Gamblers, and most civilians as well, are continually confronted with predicaments posed by uncertainty and chance. Yet, these phenomena are as elusive as they are pervasive. At the root of the puzzlement is the discomfort people experience with risk rather than assurance. Will it rain tomorrow, or not? We're happier with yes or no than maybe, even when the maybe is tagged with a level such as 4 on a scale of 17 where 1 means definite sunshine and 17 "Noah, launch the ark!"

Adding to the aggravation, two different yardsticks are used to describe and measure chance: probability and odds. More, within each category, numbers are assigned in several alternate ways. So, when a figure -- rough or of great precision -- is given for the chance of a proposition, what does it tell you?

In the casino, the most straightforward circumstances involve the chances associated with individual bets. Here, values are found by counting the numbers of ways different results can occur. As an illustration, say you're betting a single spot at double-zero roulette. The ball can stop in any of 38 distinctly numbered and colored but otherwise identical pockets. Nothing favors one over another. You win with one and lose with the remaining 37.

Probability expresses chance by comparing the number of ways you can win to the total range of possibilities. In this example, it's one out of 38. Mathematically, this is the fraction 1/38. If you have a calculator or remember long division, you could reduce 1/38 to the decimal 0.0263 or the percentage 2.63 percent.

Odds quantify chance by comparing the number of ways you can win to the number of ways you can lose. The indicated roulette bet has one winner and 37 losers. This can be stated as odds of 37-to-1 "against" the wager. An alternate would be 1-to-37 "for" the bet or, dusting off your arithmetic again, 0.027-to-1 for the proposition -- obtained by dividing 1 and 37, in turn, by 37.

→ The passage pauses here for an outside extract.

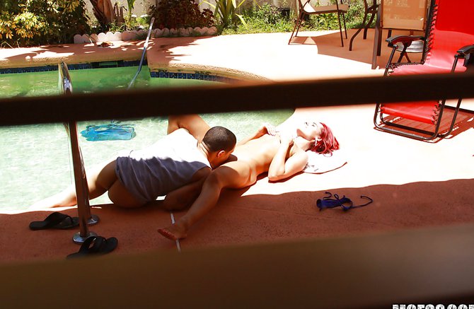 Услышав за окном подозрительные стоны, парень приоткрыл жалюзи и подсмотрел секс соседей, которые только разогревались в прелюдии чтобы потрахаться. Девушка с крашенными волосами легла на спину у бассейна, а ее муженек стал лизать сочную киску, которую он редко выпускал изо рта, а по ходу мял руками сиськи. Девушка чувствовала себя уже полностью возбужденной, да и член парня торчал кверху как вигвам. Очаровательная голенькая распутница садится на парня сверху и успешно прыгает на стояке.

These all describe the same chance. And the samples above show how to convert from one format to another within either category. How about switching from probability to odds, and vice versa?

Assume the odds of a bet are 9-to-4 against winning. This happens to describe "insurance" at blackjack -- assuming cards drawn from an infinite deck -- since nine (A through nine) lose while four (10, J, Q, and K) win. To convert to probability, note there are four ways to succeed out of four plus nine or 13 possible outcomes. This is 9/13, 0.6923, or 69.23 percent.

Going the other way is just as easy. Pretend the probability of an event is 40 percent. This turns out to be the chance of winning a place bet on the five at craps. What are the odds? A 40 percent probability is 40 ways to win out of 100 possibilities. This means 100 minus 40 or 60 ways to fail, so the odds are 40-to-60 for or 60-to-40 against the proposition. If you prefer, divide both sides of the former by 60 to get 0.667-to-1 for, or both sides of the latter by 40 to get 1.5-to-1 against the event. The odds against winning this bet are sometimes stated as 3-to-2, which is the same as 1.5-to-1 with both sides multiplied by 2.

Chance in gambling isn't limited to situations where numbers of ways to succeed or fail can be counted in advance. For instance, the chance you'll survive a session of some specified duration can be calculated from your bankroll, bet size, and strategy in any game. Suppose the probability is 42.7 percent -- 42.7 out of 100 or, perhaps more intuitively for this case, 427 out of 1,000.

One interpretation would be that for every 1,000 solid citizens who give it a shot, 427 should prevail and 573 bust out, on the average. Alternately, you can think in terms of the odds you'll deplete your bankroll within the allocated period. The figure is 573-to-427, or perhaps 1.34-to-1 if you divide both sides by 427. One way or another, the poet, Sumner A Ingmark, embraced such uncertainty in his oft quoted quartet:

Why is it the sure things,
Are often such poor things,
While odds I must batter,
For earnings that matter?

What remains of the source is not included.